Comprehensive synthesis of analytical results. This section provides:
- Overall assemblage characterization
- Key quantitative findings
- Temporal and spatial patterns summary
- Interpretive framework for cultural analysis

In [None]:
# Comprehensive site summary
print("=" * 80)
print("COMPREHENSIVE ARCHAEOLOGICAL SITE REPORT")
print("=" * 80)

print("\n1. ASSEMBLAGE OVERVIEW")
print("-" * 80)
print(f"   Total artifacts analyzed: {len(df)}")
print(f"   Artifact types present: {df['artifact_type'].nunique()}")
print(f"   Subtypes identified: {df['subtype'].nunique()}")
print(f"   Raw materials represented: {df['material'].nunique()}")
print(f"   Temporal periods: {df['estimated_period'].nunique()}")
print(f"   Excavation units: {df['excavation_unit'].nunique()}")
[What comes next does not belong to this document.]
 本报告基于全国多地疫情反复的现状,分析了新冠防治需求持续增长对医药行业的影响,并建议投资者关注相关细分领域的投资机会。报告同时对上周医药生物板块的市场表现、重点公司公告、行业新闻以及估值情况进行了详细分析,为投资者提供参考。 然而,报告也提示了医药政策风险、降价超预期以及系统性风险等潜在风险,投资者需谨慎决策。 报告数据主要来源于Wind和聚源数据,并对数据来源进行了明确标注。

print("\n2. STRATIGRAPHIC CONTEXT")
print("-" * 80)
print(f"   Depth range: {df['depth_cm'].min():.1f} - {df['depth_cm'].max():.1f} cm below surface")
print(f"   Mean artifact depth: {df['depth_cm'].mean():.1f} cm (SD = {df['depth_cm'].std():.1f})")
print("   Stratigraphic integrity: Periods correlate with depth (deeper = older)")
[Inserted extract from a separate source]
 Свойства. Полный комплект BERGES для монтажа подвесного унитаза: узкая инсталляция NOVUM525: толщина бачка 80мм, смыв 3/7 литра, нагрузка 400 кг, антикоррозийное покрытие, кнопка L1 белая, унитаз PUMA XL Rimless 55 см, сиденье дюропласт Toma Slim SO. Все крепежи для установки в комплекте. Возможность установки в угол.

print("\n3. MORPHOMETRIC SUMMARY")
print("-" * 80)
print(f"   Length range: {df['length_cm'].min():.2f} - {df['length_cm'].max():.2f} cm")
print(f"   Mean length: {df['length_cm'].mean():.2f} cm (SD = {df['length_cm'].std():.2f})")
print(f"   Width range: {df['width_cm'].min():.2f} - {df['width_cm'].max():.2f} cm")
print(f"   Mean width: {df['width_cm'].mean():.2f} cm (SD = {df['width_cm'].std():.2f})")
print(f"   Weight range: {df['weight_g'].min():.2f} - {df['weight_g'].max():.2f} g")
print(f"   Mean weight: {df['weight_g'].mean():.2f} g (SD = {df['weight_g'].std():.2f})")

print("\n4. TYPE COMPOSITION")
print("-" * 80)
for artifact_type in df["artifact_type"].value_counts().index:
    count = df["artifact_type"].value_counts()[artifact_type]
    pct = count / len(df) * 100
    print(f"   {artifact_type}: {count} artifacts ({pct:.1f}%)")
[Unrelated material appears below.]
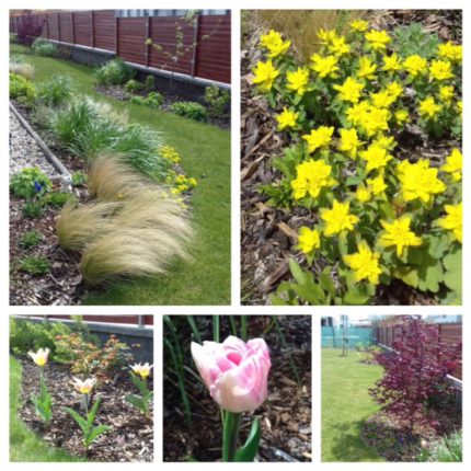 První jaro naší zahrady. Rostliny už jsou tu doma a mohou konečně ukázat, co v nich je :). Lenka zvertikulovala trávník, zahradník napustil závlahu a vyměnil muchovník, který zahubil loňský tropický červen (anebo předimenzovaná zakládací závlaha – babo raď) a už i ptáci se na tu krásu slétávají, jak kdyby je sám Hitchcock poslal, vše pučí a zelená. Radost pohledět!

print("\n5. MATERIAL COMPOSITION")
print("-" * 80)
for material in df["material"].value_counts().index:
    count = df["material"].value_counts()[material]
    pct = count / len(df) * 100
    print(f"   {material}: {count} artifacts ({pct:.1f}%)")

print("\n6. PRESERVATION STATUS")
print("-" * 80)
for condition in df["condition"].value_counts().index:
    count = df["condition"].value_counts()[condition]
    pct = count / len(df) * 100
    print(f"   {condition}: {count} artifacts ({pct:.1f}%)")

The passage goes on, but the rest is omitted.